Был лишь один художник, рассказавший про свое и общее время, про предательство революции, начало террора, процессы, ночные аресты и сталинские чистки. Это Петров-Водкин, художник мало известный у нас в стране.
Это Петров-Водкин написал в 27-м году «Смерть комиссара» — показал, как революция с калмыцким лицом умирает на полдороге, а осиротевший полк валится за горизонт. Это Петров-Водкин написал в 34-м «Тревогу» — показал семью, ждущую ареста. Это Петров-Водкин написал в 37-м «Новоселье» — показал, как в квартиру репрессированного, где икона выдрана из оклада, — въезжает новый класс, а новый хозяин, жлоб с трубкой в руке, смотрит победительно.
Это Петров-Водкин оставил нам энциклопедию русской и советской жизни, прекрасной и ужасной жизни — живой, человеческой, полной, страстной — с лицами, взглядами, руками, чувствами, заботой, любовью.
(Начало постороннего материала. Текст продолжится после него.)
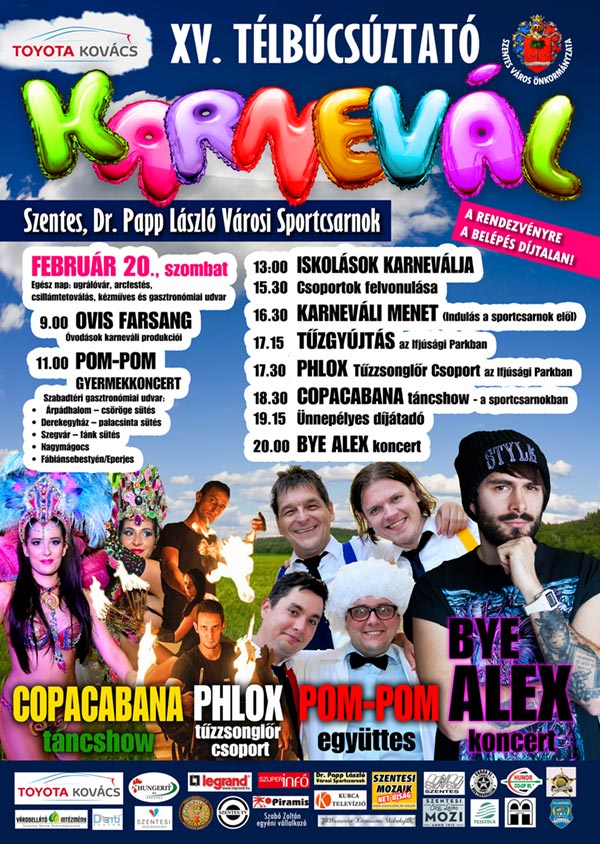 Immáron 15 éve rendezi meg Szentes a Télbúcsúztató Karnevált, ahol együtt temeti el a telet a város apraja és nagyja. Idei évben a fiatalok körében ment a találgatás, hogy melyik sztár érkezik városunkba, melyről most lerántjuk a leplet. Nagyon sokan akarták a Punnany Massif csapatot, de sajnos március végéig le lettek kötve, így már csak két fellépő (Király Viktor és ByeAlex) maradt a kalapban.
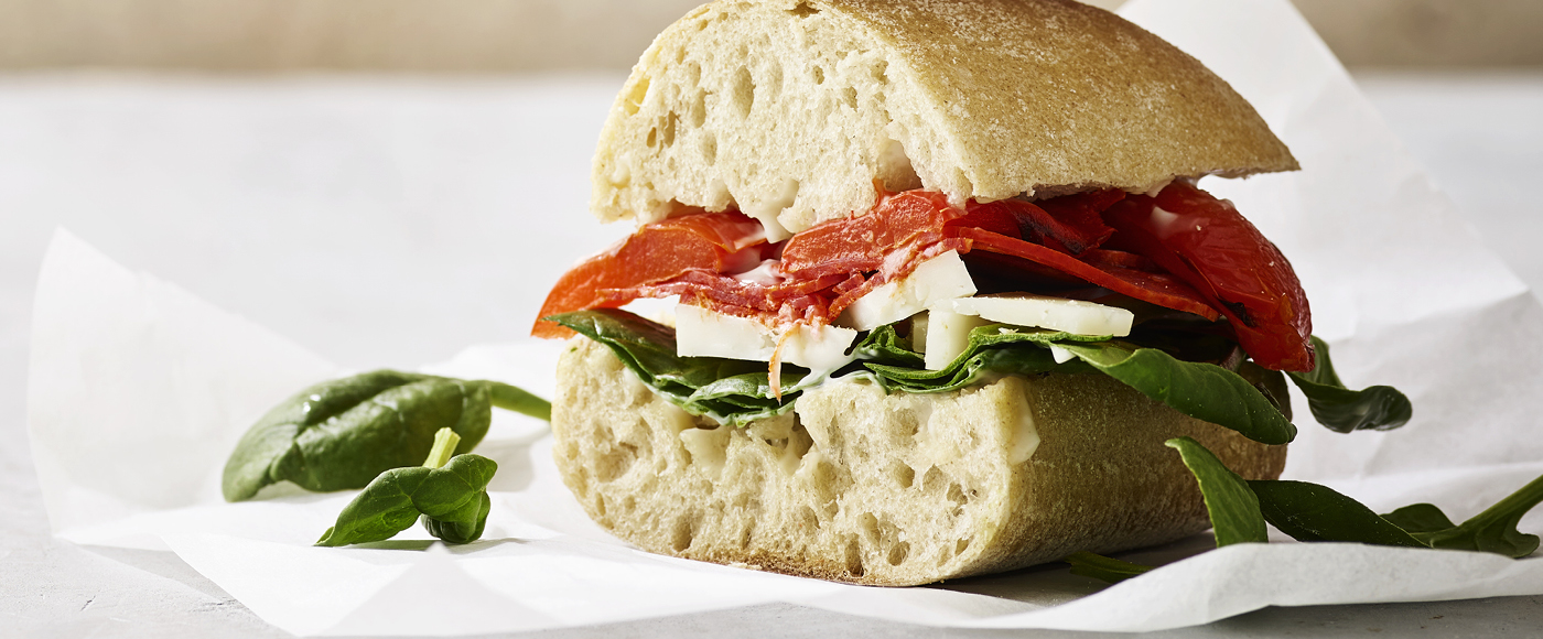 Sandwich med grillet peberfrugt, chorizo og manchego

И вот спросите у среднеарифметического западного куратора, знает ли он Петрова-Водкина — вам ответят «нет».
Данный художник в прогрессивном дискурсе не пригодился.
Никакой куратор, никакой болтун его не поминал — и по простой причине: впусти настоящее в дом, и фальшивое станет сразу очевидно фальшивым.
А фальшивым мы и жили — это был товар и хлеб.
Было время, я смотрел по сторонам и диву давался. Ведь очевидно, что тиражируется глупость, причем даже неряшливая глупость, совсем неприкрытая. Читал восторженные статьи кликуш про современное искусство: каканье в горшочек, группа Коллективные действия, очередной шариков от концептуализма — и не мог понять: они что — всерьез? Нет, не может быть, чтобы всерьез убивали искусство. они не хотят убивать, нет!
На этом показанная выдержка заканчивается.